# Integral calculation

1. Oct 1, 2009

### parton

I've done the following short calculation, but I'm not really sure if it is correct or maybe I missed something:

$\int_{a}^{b} \dfrac{1}{(s-i0)(1-s+i0)} \, ds = \int_{a}^{b} \left[ \dfrac{1}{s-i0} - \dfrac{1}{s-1-i0} \right] \, ds = \int_{a}^{b} \left[ pv\left(\dfrac{1}{s}\right) + i \pi \delta(s) - pv\left(\dfrac{1}{s-1}\right) - i \pi \delta(s-1) \right] \, ds$

pv denotes the cauchy principal value. And the 0 term should be understood as the limit $$\epsilon \to + 0$$.

Now I have found something in a book which is really confusing:
$$\int_{a}^{b} \dfrac{1}{(s-i0)^{2}(1-s+i0)} \, ds = \int_{a}^{b} \dfrac{1}{s(1-s+i0)} \, ds$$.

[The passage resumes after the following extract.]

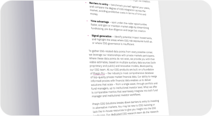 Preqin ESG Solutions 4 Preqin ESG We deliver standardized, comparable, and actionable ESG data that can easily be embedded into our clients’ investment Solutions work昀氀ows. Preqin ESG Solutions delivers value in four key value dimensions. • Search costs – cut the amount of resources, necessary to conduct fundraising, pre due diligence, or target list creation • Barriers to entry – benchmark yourself against your peers, and compare the degree of ESG integration across the market, avoiding prohibitive costs in terms of time and money • Time advantage – spot under-the-radar opportunities faster, and gain or maintain market edge by streamlining fundraising, pre due diligence and target list creation • Signal generation – identify potential impact investments, and highlight the areas where ESG risk exposures build up, or where ESG governance is insu昀케cient To gather ESG-related data points from every possible corner, we leverage our relationships with private markets participants. Where these data points do not exist, we provide you with their viable estimates, based on multiple auxiliary data sources (both proprietary and public) and innovative models, developed by our ESG team. All our ESG products are built on a foundation of Preqin Pro – the industry’s most comprehensive database of top-quality private market 昀椀nancial data. Our ability to merge informed proxies with 昀椀nancial data enables us to deliver solutions that scale – from a single asset, through portfolio and fund managers, up to institutional investor level. What we o昀昀er is comparable metrics that seamlessly integrate into both fund manager and institutional investor work昀氀ows. Preqin ESG Solutions breaks down barriers to entry to investing in alternative markets. You may be new to ESG investing or lack the in-house resources to give you insight into the ESG landscape. Our dedicated ESG research team do the research so you don’t have to. ↗ Back to Contents

Effectively this would mean: $$\dfrac{1}{(s-i0)^{2}} = \dfrac{1}{s}$$. But I think it appears questionable whether this is correct.
I think one has to do a calculation similar to that given above, in particular we would have: $\dfrac{1}{(s-i0)^{2}} = \dfrac{1}{s^{2} - i s 0}$

I'm really confused, could somebody tell me what is "right"?